Terapkan Teknologi EVE Ejector, PHE ONWJ Optimalkan Produksi Gas

JAKARTA – PT Pertamina Hulu Tenaga Offshore North West Java ( PHE ONWJ ) membuktikan pengaplikasian pengembangan teknologi EVE Ejector (extended vacuum entrainment ejector) di tempat Lapangan Bravo kemudian Lapangan Echo, di area lepas pantai Laut Jawa untuk membantu produksi minyak juga gas (migas) hingga menurunkan dampak kehancuran lingkungan.
General Manager PHE ONWJ, Muzwir Wiratama pada awalnya menjelaskan pengembangan teknologi EVE Ejector dilatarbelakangi oleh kendala kinerja operasi gas di area Lapangan Bravo dan juga Lapangan Echo yang sudah ada berusia lebih banyak dari 40 tahun. Permasalahan utama yang tersebut dihadapi kedua lapangan ini adalah tingginya jumlah gas di tempat flow station atau sarana pemrosesan migas yang tersebut tidak ada dapat dimanfaatkan sebab tekanan rendah lalu tak stabil.
Akibatnya, akumulasi gas suar bakar pun meningkat. Pembakaran gas suar merupakan proses pelepasan gas alam yang digunakan tiada terpakai dari peralatan produksi minyak kemudian gas dengan cara dibakar untuk mengontrol tekanan, berlebih pada sistem produksi, untuk menegaskan keselamatan operasi migas.

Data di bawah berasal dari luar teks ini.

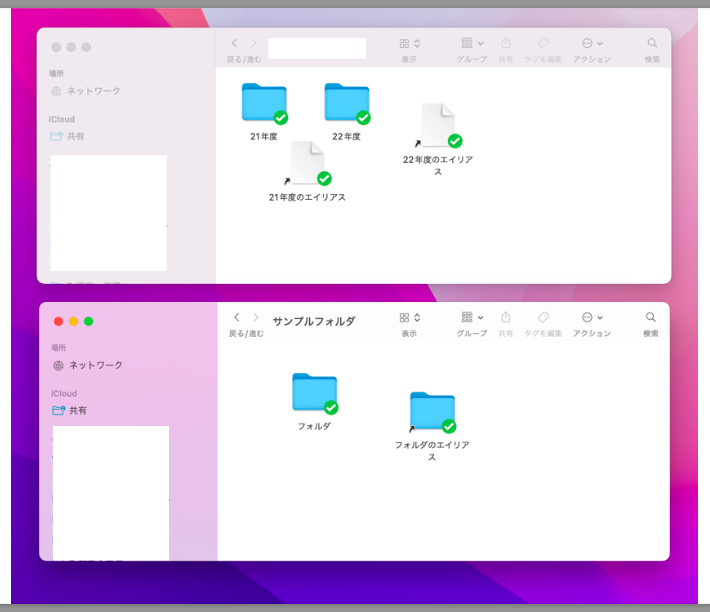 観察していくと、奇妙なことが起きていました。フォルダのエイリアスを作ると、フォルダのアイコンをしたエイリアスができますが、アイコンが書類(一枚の紙)の形をしたエイリアスにしかならないフォルダがあり、その中にあるファイルに限って、ダブルクリックでは開かないようなのです。このような奇妙なフォルダは常に同じでなく、あるときは正常なフォルダのアイコンをしたエイリアスができるのに、別の時には書類の形をしたアイコンのエイリアスになったりと、一定していないようです。

“Rendahnya tekanan gas suar bakar ini sebelumnya tidak ada mampu dimanfaatkan. Namun, dengan EVE Ejector, tekanan gas suar bakar yang sebelumnya sangat rendah sanggup dinaikkan hingga ke batas minimal pemrosesan,” ujar beliau di keterangan resmi, Kamis (2/1/2025).
Berbeda dengan ejektor lainnya, yang dimaksud berfungsi mengkonversi energi tekanan menjadi energi kinetik, EVE Ejector yang dimaksud digunakan PHE ONWJ berfungsi menghisap gas dengan tekanan rendah yang tersebut kemudian dimanfaatkan.
Hasilnya perubahan yang dimaksud tak sekadar mampu meningkatkan stabilitas tekanan pipa bawah laut, tetapi juga mampu menekan emisi dan juga memberikan nilai tambah signifikan bagi kinerja operasi perusahaan.
“Dampaknya, gas yang tersebut sebelumnya cuma dibakar, dapat dimanfaatkan kembali baik untuk komersial ke bidang seperti pupuk, atau dialirkan ke sumur minyak sebagai pendorong hidrokarbon,” kata Muzwir.
Dia menjelaskan penyelenggaraan teknologi EVE Ejector ini pertama kali diimplementasikan pada 1 Juli 2023 lalu. Dalam kurun waktu satu tahun penggunaan, perusahaan mencatat adanya dampak yang digunakan signifikan khususnya dari sisi produksi.
“PHE ONWJ mampu mengoptimalkan 6,6 jt standar kubik gas (MMSCF) menggunakan EVE Ejector,” jelasnya.